Capture Ratio and measurement overhead

For performance monitoring applications, we often want to know the process related information, but collecting it from /proc is very expensive compared to collecting other performance data, and the amount of work increases as the number of processes increases.

The capture ratio is defined as the amount of CPU time that is gathered by looking at process data versus the total systemwide CPU used. The difference is made up by processes that stop during the intervals between measurements. Since short lived processes may start and stop between measurements, and we don't know whether a process stopped immediately before a measurement or just after a measurement, there is always an error in sampled process measures. The error is reduced by using a short measurement interval, but that increases overhead. Bypassing the /proc interface, and reading process data directly from the kernel is very implementation dependent but is used by BMC's PATROL® for Unix - Perform & Predict data collector, so that they can collect process data efficiently on large systems at high data rates.

By watching traditional SysV accounting records that fall between measures, some heuristics can be used to improve the capture ratio. However the SysV accounting record does not include the process id, so this is an inexact technique. The Teamquest® View and Model data collector uses this trick.

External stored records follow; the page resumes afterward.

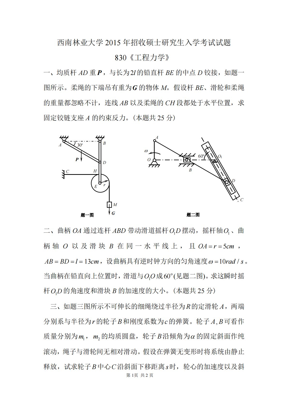 第1页共2页西南林业大学2015年招收硕士研究生入学考试试题830《工程力学》一、均质杆AD重P,与长为2l的铅直杆BE的中点D铰接,如题一图所示。柔绳的下端吊有重为G的物体M。假设杆BE、滑轮和柔绳的重量都忽略不计,连线AB以及柔绳的CH段都处于水平位置,求固定铰链支座A的约束反力。(本题共25分)二、曲柄OA通过连杆ABD带动滑道摇杆1OD摆动,摇杆轴1O、曲柄轴O以及滑块B在同一水平线上,且5OArcm,ABBDl13cm,设曲柄具有逆时钟方向的匀角速度10/rads。当曲柄在铅直向上位置时,滑道与1OO成o60(见题二图)。求这瞬时摇杆1OD的角速度和滑块B的加速度的大小...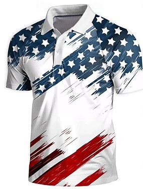 4 de julho de 2026 250º Homens Bandeira americana Pólo Manga Curta Camisas polo Camisas de colarinho Vintage Casual Ao ar livre Roupa Esportiva Impressão 3D Botões Verão Azul Branco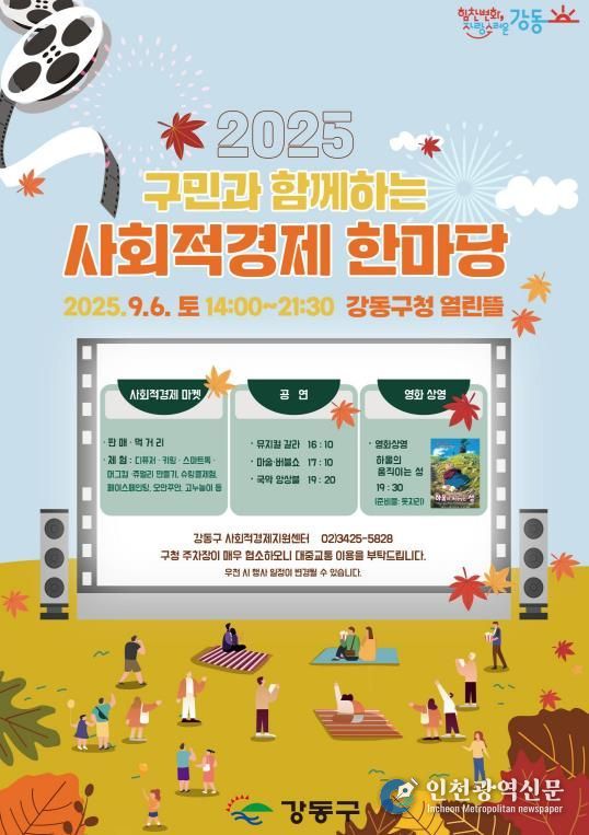 [인천광역신문] 최훈 기자 | 강동구는 오는 9월 6일 오후 2시 구청 앞 잔디광장 열린뜰에서 ‘ 2025 사회적경제한마당’을 개최한다고 밝혔다.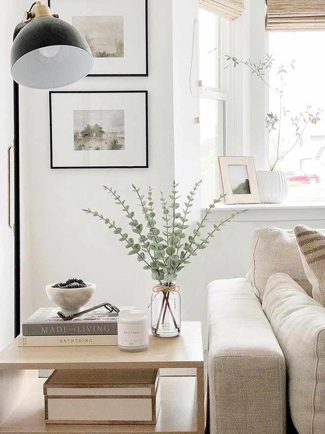 • Maintenance-free: The artificial green plant stems require no water, sunlight, or fertilizer, will never wilt or shed, stays green year-round.Eucalyptus leaves are easy to clean; simply wipe with a soft dry cloth to keep them neat and tidy.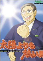 The manga was published by Nidec; Nagamori told the newspaper that he hopes that the story of his transition from impoverished farmer's son to founder and chief executive of a successful company will inspire young people. The title proclaims in Japanese that Nagamori is "the man who is hotter than even the sun" (Taiyō yori mo Atsui Otoko).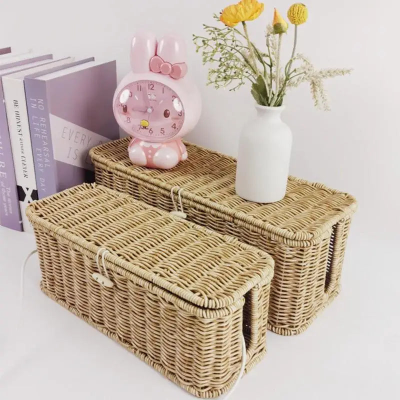 Verabschieden Sie sich von Kabelchaos und halten Sie Ihr Zuhause sauber und organisiert mit unserer handgefertigten Kabel-Management-Box. Diese vielseitige Aufbewahrungslösung aus hochwertigem, imitativen Rattan bietet Ihnen eine elegante Möglichkeit, Kabel und Ladegeräte ordentlich und sicher zu verstauen.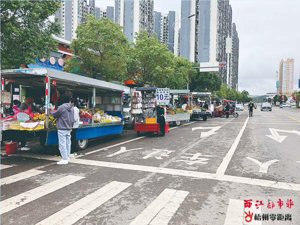 梧州零距離網-西江都市報訊(記者 鐘慧)近日,有市民向本報反映,長洲區三龍大道梧州職業學院門口及周邊出現流動攤販占道經營現象。更讓人擔心的是,部分攤販竟然不顧交通安全直接在機動車道上擺賣。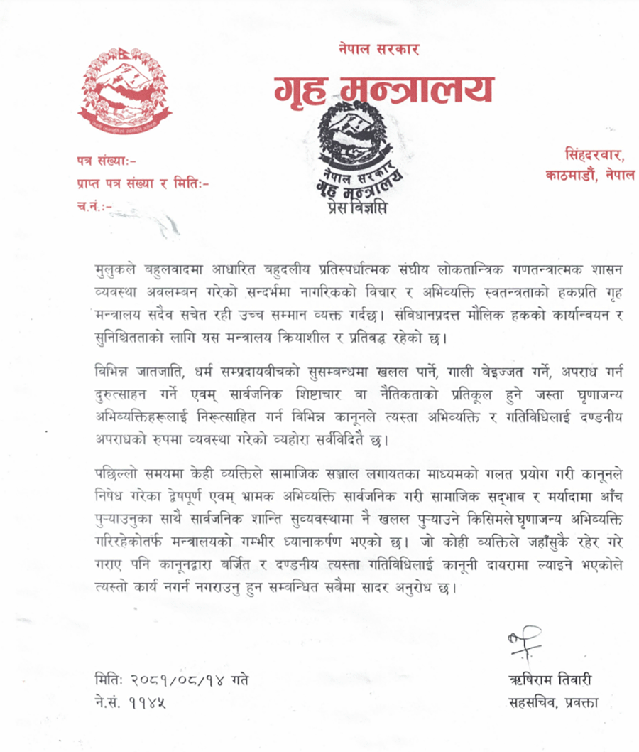 मन्त्रालयले शुक्रबार विज्ञप्ति जारी गर्दै सामाजिक सञ्जाल लगायतका माध्यमको गलत प्रयोग गरी कानुनले निषेध गरेका द्वेषपूर्ण एवम् भ्रामक अभिव्यक्ति सार्वजनिक गरी सामाजिक सद्भाव र मर्यादामा आँच पुऱ्याउनुका साथै सार्वजनिक शान्ति सुव्यवस्थामा नै खलल पुऱ्याउने किसिमले घृणाजन्य अभिव्यक्ति फैलाउन काम भइरहेको प्रति गम्भीर ध्यानाकर्षण भएको जनाएको हो ।

With extended accounting, we can use wracct to force a record of all current processes to be written to the accounting file, along with the processes that terminate. This gives us a perfect capture ratio, even at infrequent measurement intervals, so the overhead of process data collection is extremely low.

There is no need for a performance collection agent, a cron script can invoke wracct at the desired measurement interval. Another cron script can use acctadm to switch logs to a new file and process locally or ship the old file to a central location as required.

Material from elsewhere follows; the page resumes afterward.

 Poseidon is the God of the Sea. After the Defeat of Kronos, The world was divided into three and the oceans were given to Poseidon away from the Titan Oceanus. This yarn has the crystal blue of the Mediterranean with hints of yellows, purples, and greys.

That in a nutshell is why extended accounting is interesting, very good quality data, perfect capture ratio and very low measurement overhead.

Partial and Interval accounting records

Traditional accounting generates a record only when the process terminates. The current process data from ps contains different information so its not possible to keep the two in sync. Extended accounting includes the wracct command that forces an accounting record to be generated for a process or task. The partial record is tagged differently as shown below, but contains the same information.


106 group-proc-partial [group of 35 object(s)]
1000 pid 664
...


For a process, partial records provide the total resource usage since process creation. For a task, an additional option allows for resource usage over the interval since the previous record was written.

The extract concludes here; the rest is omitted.